═════ Data in this exercise

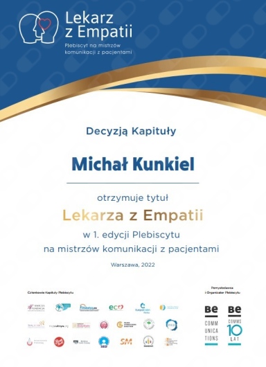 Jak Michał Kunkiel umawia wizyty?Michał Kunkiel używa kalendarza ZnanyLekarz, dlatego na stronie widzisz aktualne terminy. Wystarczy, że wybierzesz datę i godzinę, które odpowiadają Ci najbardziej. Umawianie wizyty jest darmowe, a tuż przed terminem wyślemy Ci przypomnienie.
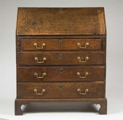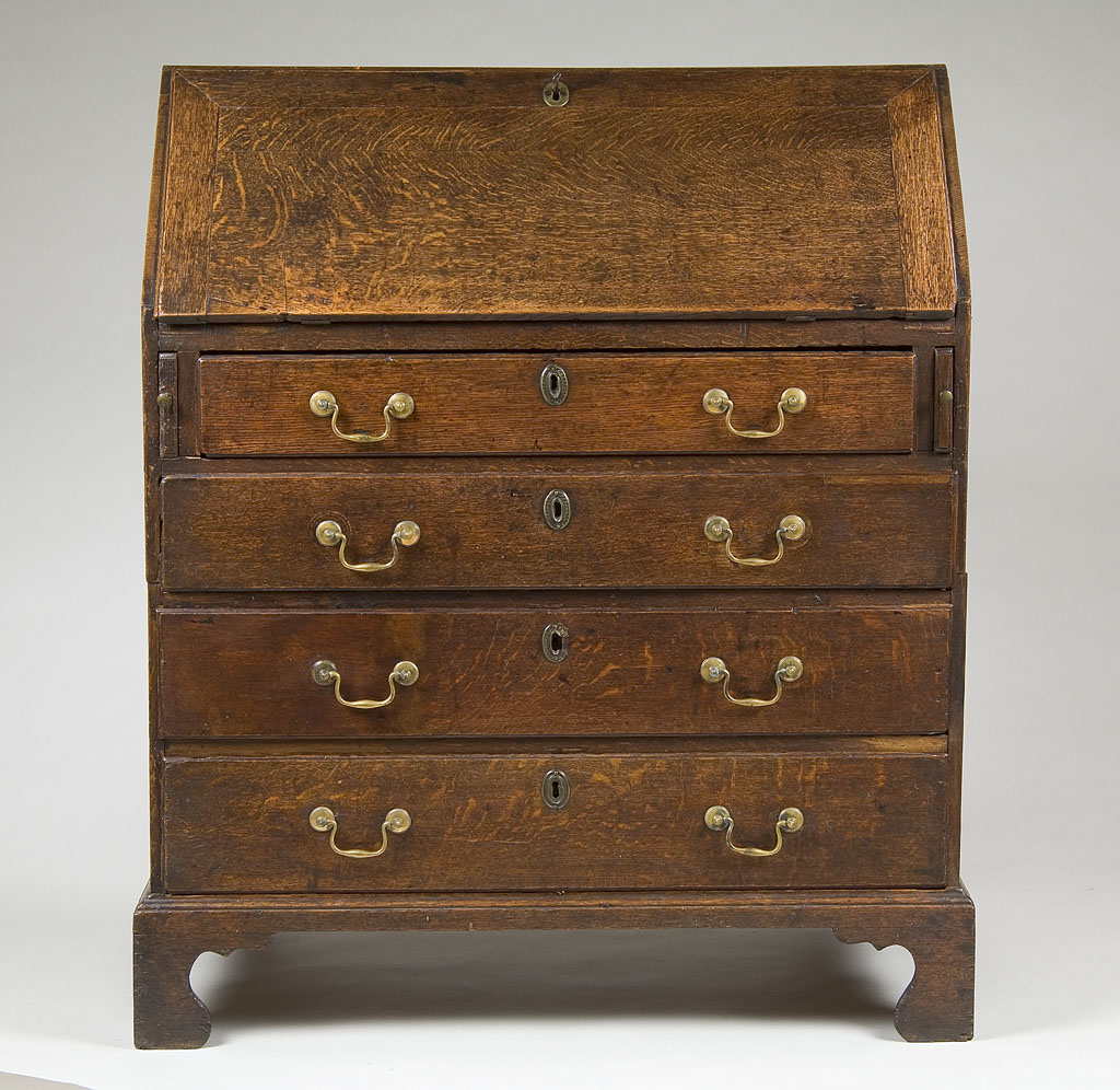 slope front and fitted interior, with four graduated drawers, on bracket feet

══════════
═════ Data in this exercise

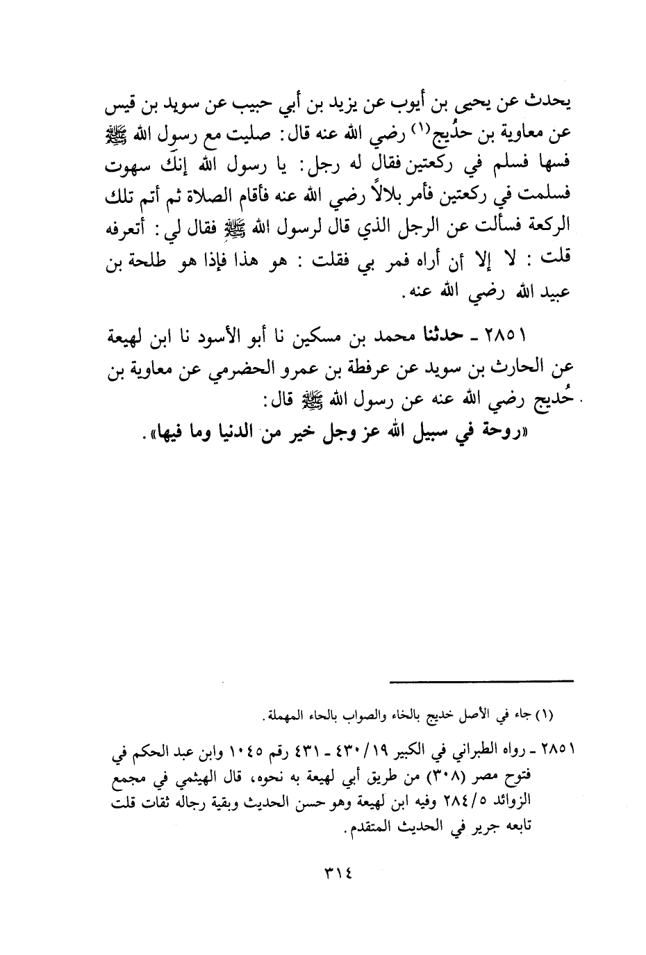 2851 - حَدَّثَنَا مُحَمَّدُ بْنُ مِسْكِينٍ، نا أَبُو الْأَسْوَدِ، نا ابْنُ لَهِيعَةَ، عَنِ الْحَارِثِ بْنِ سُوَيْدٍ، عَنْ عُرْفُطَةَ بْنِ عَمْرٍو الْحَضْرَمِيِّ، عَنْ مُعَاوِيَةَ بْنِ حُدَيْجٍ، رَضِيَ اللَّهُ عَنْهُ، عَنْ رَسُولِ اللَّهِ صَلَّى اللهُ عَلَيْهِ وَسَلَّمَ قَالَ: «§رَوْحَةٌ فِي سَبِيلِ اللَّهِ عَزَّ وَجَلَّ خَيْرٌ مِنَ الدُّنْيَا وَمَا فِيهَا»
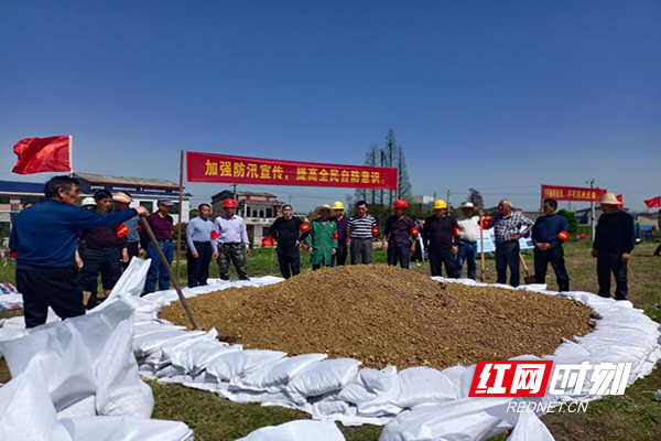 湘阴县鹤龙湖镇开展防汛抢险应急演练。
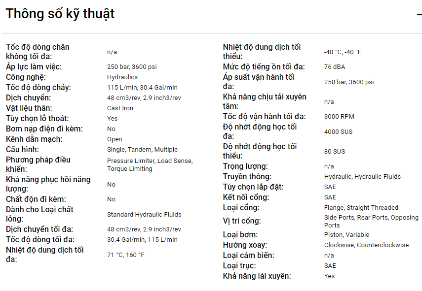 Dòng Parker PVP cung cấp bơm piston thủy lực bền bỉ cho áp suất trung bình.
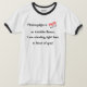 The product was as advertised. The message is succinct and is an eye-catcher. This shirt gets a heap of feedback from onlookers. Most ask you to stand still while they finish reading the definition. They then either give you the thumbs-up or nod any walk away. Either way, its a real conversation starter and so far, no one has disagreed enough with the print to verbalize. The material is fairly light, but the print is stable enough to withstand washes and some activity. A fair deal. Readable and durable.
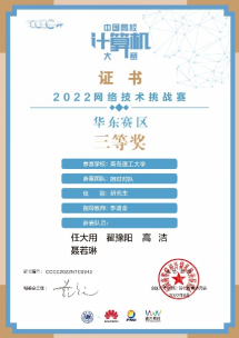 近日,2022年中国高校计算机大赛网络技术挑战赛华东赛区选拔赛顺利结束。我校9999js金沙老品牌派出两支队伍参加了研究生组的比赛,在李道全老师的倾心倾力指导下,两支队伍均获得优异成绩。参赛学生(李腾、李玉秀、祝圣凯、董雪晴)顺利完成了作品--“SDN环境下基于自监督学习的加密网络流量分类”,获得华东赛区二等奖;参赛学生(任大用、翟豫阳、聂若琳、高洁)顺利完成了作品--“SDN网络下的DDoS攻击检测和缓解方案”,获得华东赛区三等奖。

══════════
═════ Data in this exercise

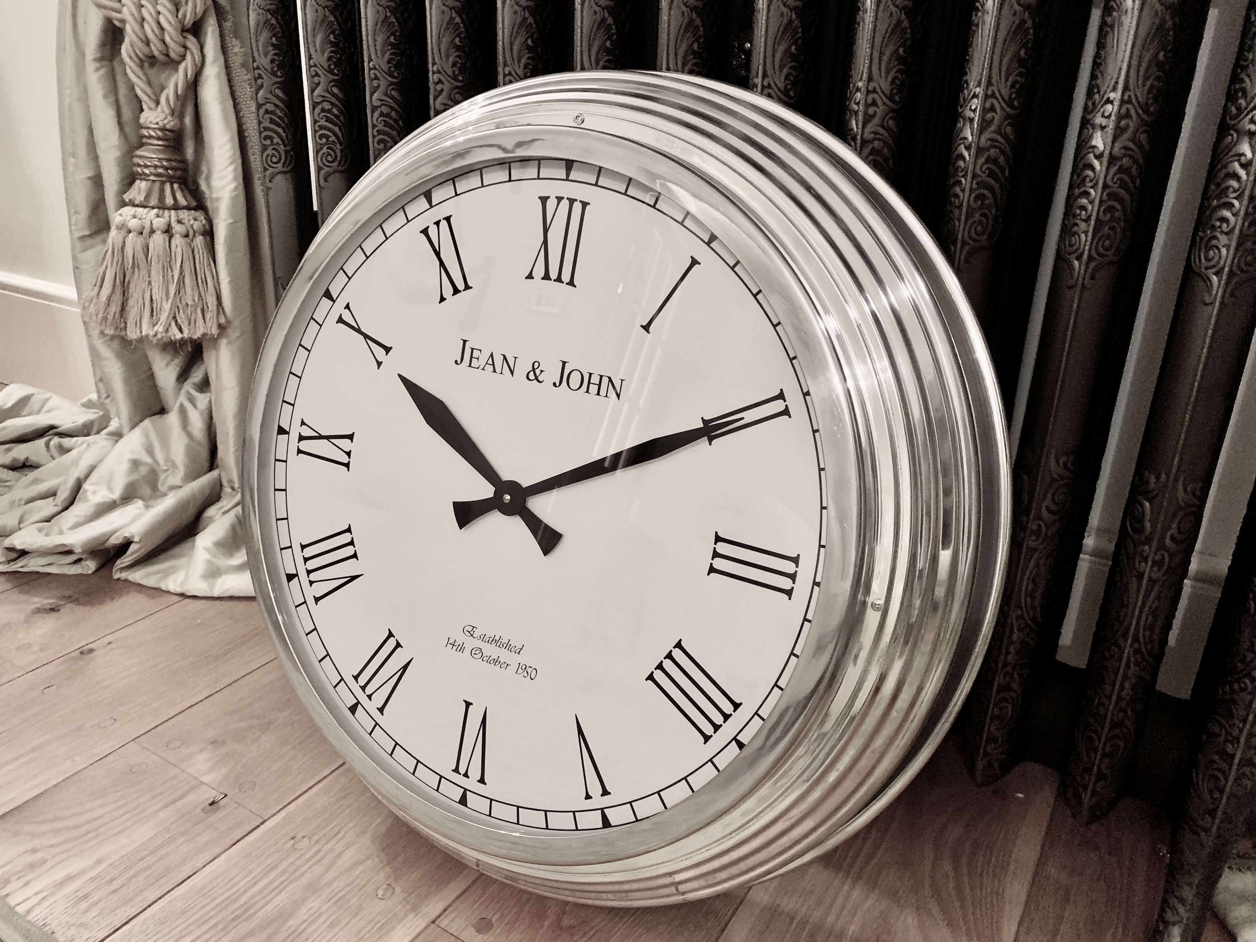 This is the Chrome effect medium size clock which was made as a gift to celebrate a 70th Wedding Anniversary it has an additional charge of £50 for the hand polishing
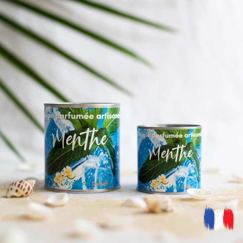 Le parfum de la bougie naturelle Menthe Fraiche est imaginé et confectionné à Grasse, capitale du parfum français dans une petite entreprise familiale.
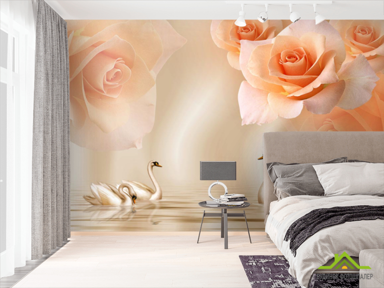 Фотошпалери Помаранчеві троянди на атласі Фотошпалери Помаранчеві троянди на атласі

══════════

What to print is the stretch of entries from the line with "Le parfum de" up to and including the line with "Фотошпалери Помаранчеві троянди на атласі Фотошпалери". Please print it exactly and leave out the pictures.

 Le parfum de la bougie naturelle Menthe Fraiche est imaginé et confectionné à Grasse, capitale du parfum français dans une petite entreprise familiale.
 Фотошпалери Помаранчеві троянди на атласі Фотошпалери Помаранчеві троянди на атласі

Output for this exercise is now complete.